Instructions for the task. In the data below, begin at the line with "Bathroom sets include" and stop after the line with "- 10 Gb/s 带宽,不限流量/月"; output those lines exactly and no pictures.

[Data items]

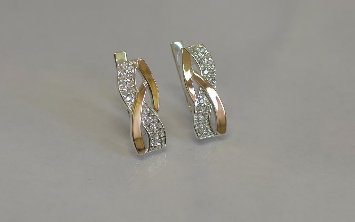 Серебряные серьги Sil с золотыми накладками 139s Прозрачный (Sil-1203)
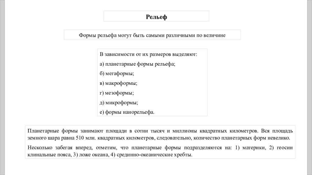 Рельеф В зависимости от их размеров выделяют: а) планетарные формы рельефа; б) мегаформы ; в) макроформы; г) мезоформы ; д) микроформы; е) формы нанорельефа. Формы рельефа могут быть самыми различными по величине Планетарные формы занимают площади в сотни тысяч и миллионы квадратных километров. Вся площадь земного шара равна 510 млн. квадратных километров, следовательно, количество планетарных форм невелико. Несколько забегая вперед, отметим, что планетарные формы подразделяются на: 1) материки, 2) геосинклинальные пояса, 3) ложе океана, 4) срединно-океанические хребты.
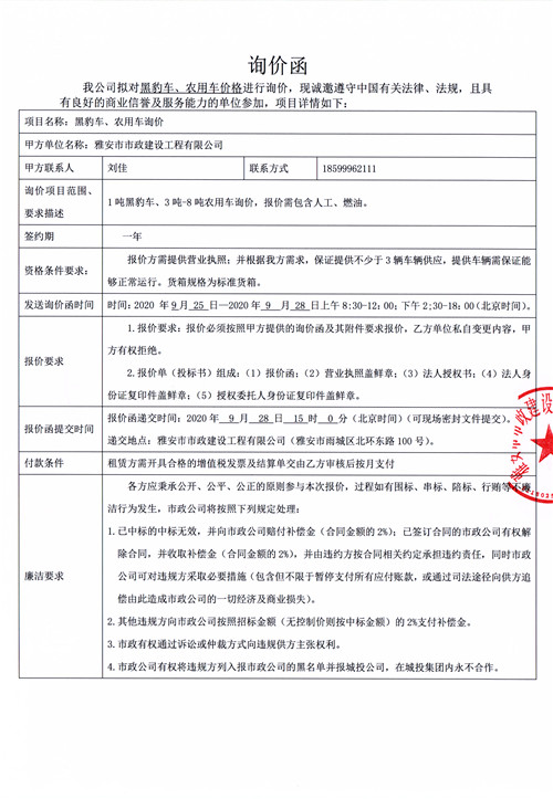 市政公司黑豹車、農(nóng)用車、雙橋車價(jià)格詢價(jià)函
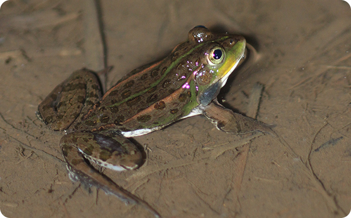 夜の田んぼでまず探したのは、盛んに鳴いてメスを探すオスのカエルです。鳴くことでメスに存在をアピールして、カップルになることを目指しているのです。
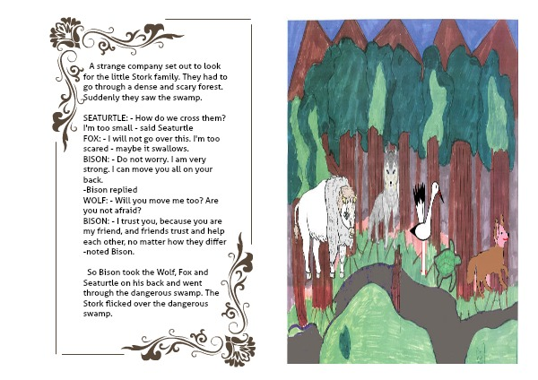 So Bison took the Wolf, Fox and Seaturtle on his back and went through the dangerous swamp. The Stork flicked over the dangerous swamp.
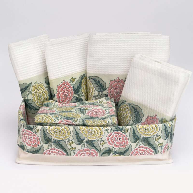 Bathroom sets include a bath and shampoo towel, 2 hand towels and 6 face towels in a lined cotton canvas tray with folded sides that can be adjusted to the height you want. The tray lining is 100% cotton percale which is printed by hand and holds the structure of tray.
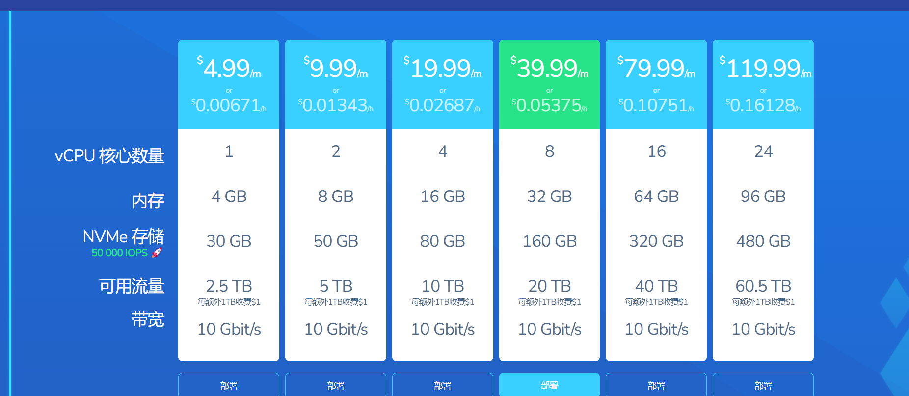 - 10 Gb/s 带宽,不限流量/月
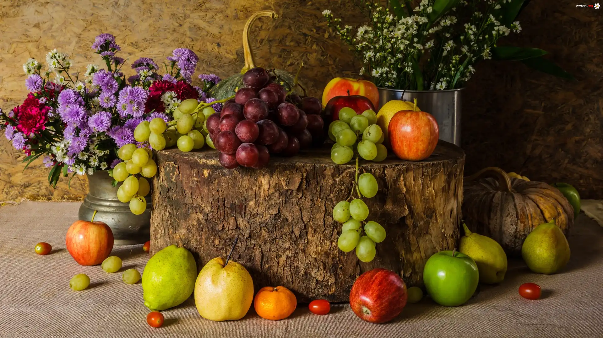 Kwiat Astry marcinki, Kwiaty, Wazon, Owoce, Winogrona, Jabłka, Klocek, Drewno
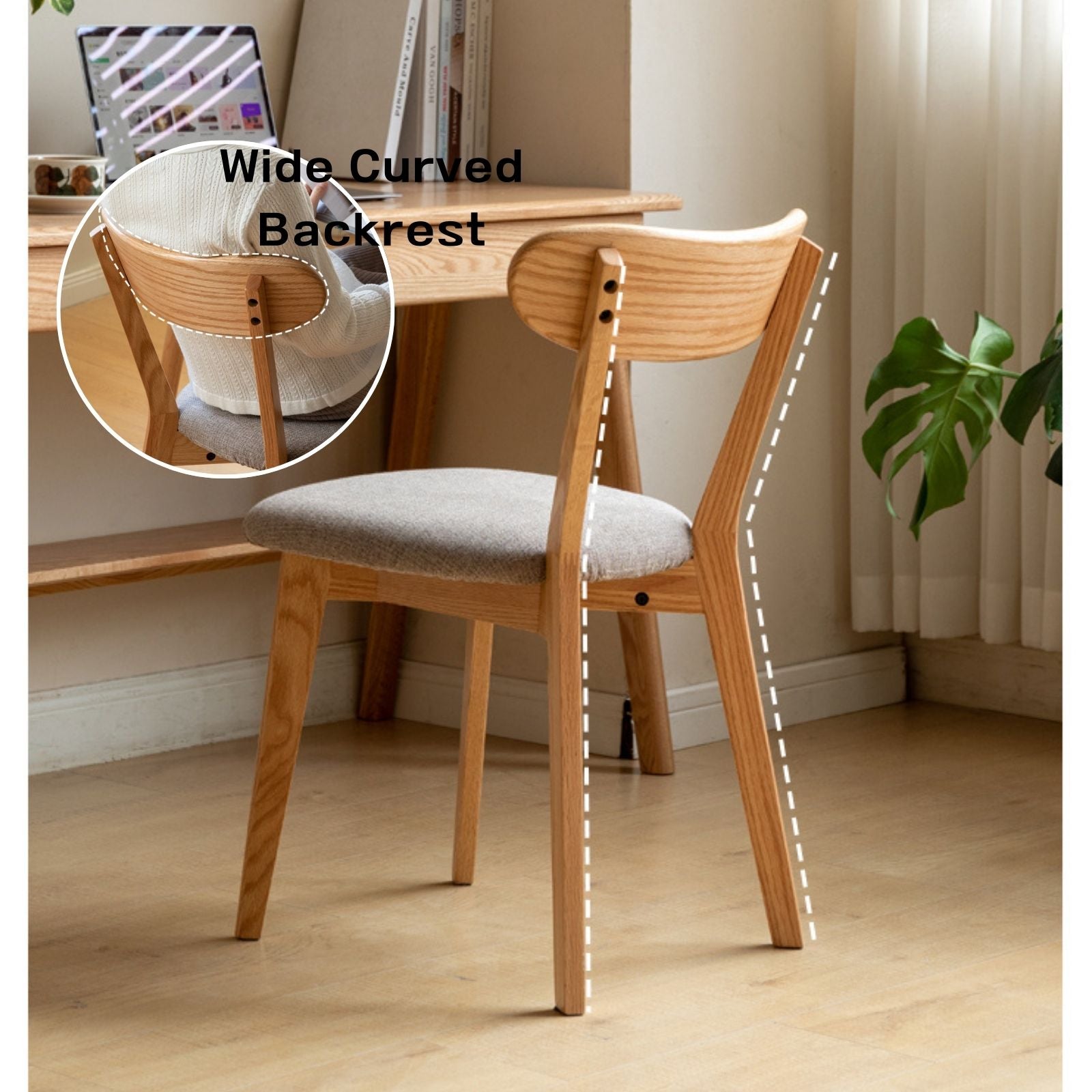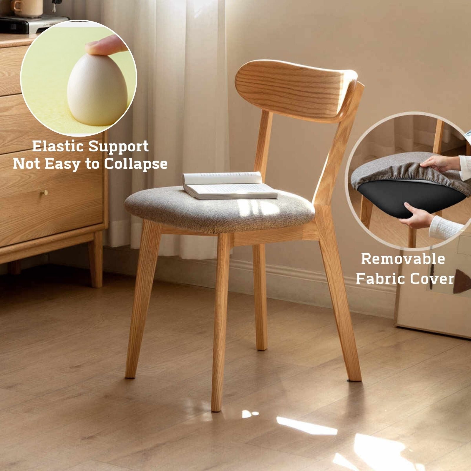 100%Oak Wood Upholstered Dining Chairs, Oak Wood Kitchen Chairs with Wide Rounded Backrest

Answer area.
 Bathroom sets include a bath and shampoo towel, 2 hand towels and 6 face towels in a lined cotton canvas tray with folded sides that can be adjusted to the height you want. The tray lining is 100% cotton percale which is printed by hand and holds the structure of tray.
 - 10 Gb/s 带宽,不限流量/月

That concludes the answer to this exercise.